▶ Exercise
Reproduce the entries below exactly, but only from the line containing "카페베네는 9월을 맞아" to the line containing "Traje de verano", inclusive.

▶ Recorded information

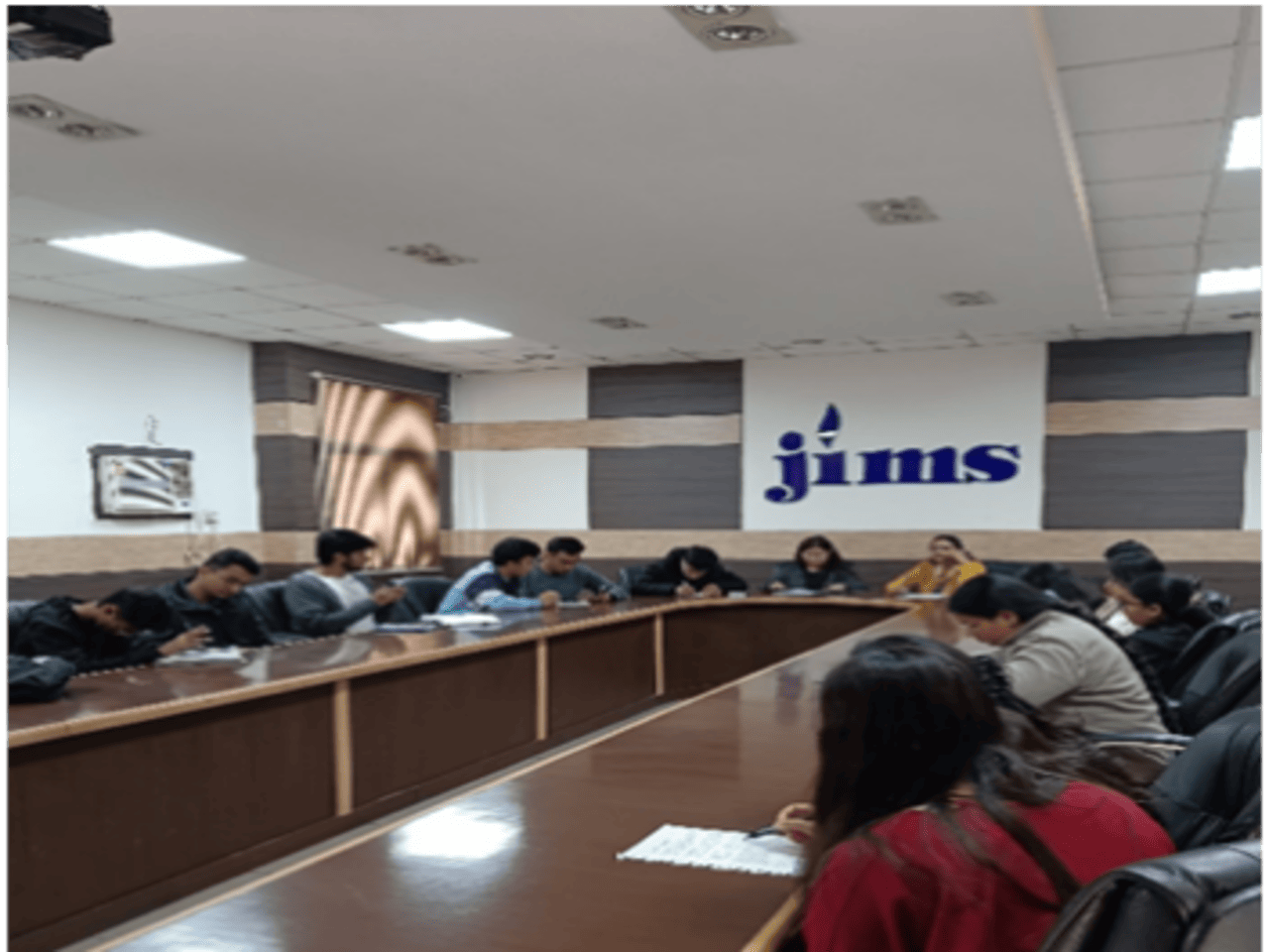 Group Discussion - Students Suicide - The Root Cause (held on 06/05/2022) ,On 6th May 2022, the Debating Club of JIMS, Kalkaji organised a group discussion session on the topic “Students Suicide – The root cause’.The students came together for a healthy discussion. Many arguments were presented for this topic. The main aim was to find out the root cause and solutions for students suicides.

---

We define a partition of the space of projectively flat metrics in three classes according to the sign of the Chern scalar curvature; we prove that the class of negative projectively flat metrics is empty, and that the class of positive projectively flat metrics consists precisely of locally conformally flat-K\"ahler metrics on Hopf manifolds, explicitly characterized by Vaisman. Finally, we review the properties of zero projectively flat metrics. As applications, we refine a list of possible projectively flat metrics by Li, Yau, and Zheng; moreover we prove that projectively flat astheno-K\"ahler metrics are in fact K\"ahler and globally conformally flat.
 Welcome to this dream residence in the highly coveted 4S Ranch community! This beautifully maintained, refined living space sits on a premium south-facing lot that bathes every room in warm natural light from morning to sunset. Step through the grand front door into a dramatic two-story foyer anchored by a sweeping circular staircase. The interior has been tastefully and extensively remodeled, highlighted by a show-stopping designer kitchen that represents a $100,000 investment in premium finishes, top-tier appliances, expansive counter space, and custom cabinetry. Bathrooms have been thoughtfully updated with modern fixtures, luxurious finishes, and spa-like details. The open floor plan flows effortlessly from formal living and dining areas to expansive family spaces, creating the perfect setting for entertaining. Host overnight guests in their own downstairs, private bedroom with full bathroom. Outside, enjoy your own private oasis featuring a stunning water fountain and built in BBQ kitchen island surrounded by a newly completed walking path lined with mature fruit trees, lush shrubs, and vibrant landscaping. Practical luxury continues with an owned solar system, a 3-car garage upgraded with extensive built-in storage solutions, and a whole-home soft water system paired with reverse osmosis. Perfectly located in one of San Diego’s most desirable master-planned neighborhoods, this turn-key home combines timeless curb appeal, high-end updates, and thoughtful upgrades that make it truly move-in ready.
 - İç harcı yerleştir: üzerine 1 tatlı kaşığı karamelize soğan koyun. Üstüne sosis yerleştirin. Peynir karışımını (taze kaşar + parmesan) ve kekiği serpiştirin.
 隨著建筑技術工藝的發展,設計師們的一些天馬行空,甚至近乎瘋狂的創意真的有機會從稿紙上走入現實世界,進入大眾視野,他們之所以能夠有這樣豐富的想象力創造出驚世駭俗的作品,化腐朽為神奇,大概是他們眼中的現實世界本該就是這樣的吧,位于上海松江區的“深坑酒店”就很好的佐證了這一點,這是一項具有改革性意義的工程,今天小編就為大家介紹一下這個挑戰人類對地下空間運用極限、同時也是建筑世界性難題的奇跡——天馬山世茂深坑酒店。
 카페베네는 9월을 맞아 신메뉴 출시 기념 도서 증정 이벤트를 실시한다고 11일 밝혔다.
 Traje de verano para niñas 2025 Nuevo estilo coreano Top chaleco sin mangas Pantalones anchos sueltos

▶ Exercise solution
 카페베네는 9월을 맞아 신메뉴 출시 기념 도서 증정 이벤트를 실시한다고 11일 밝혔다.
 Traje de verano para niñas 2025 Nuevo estilo coreano Top chaleco sin mangas Pantalones anchos sueltos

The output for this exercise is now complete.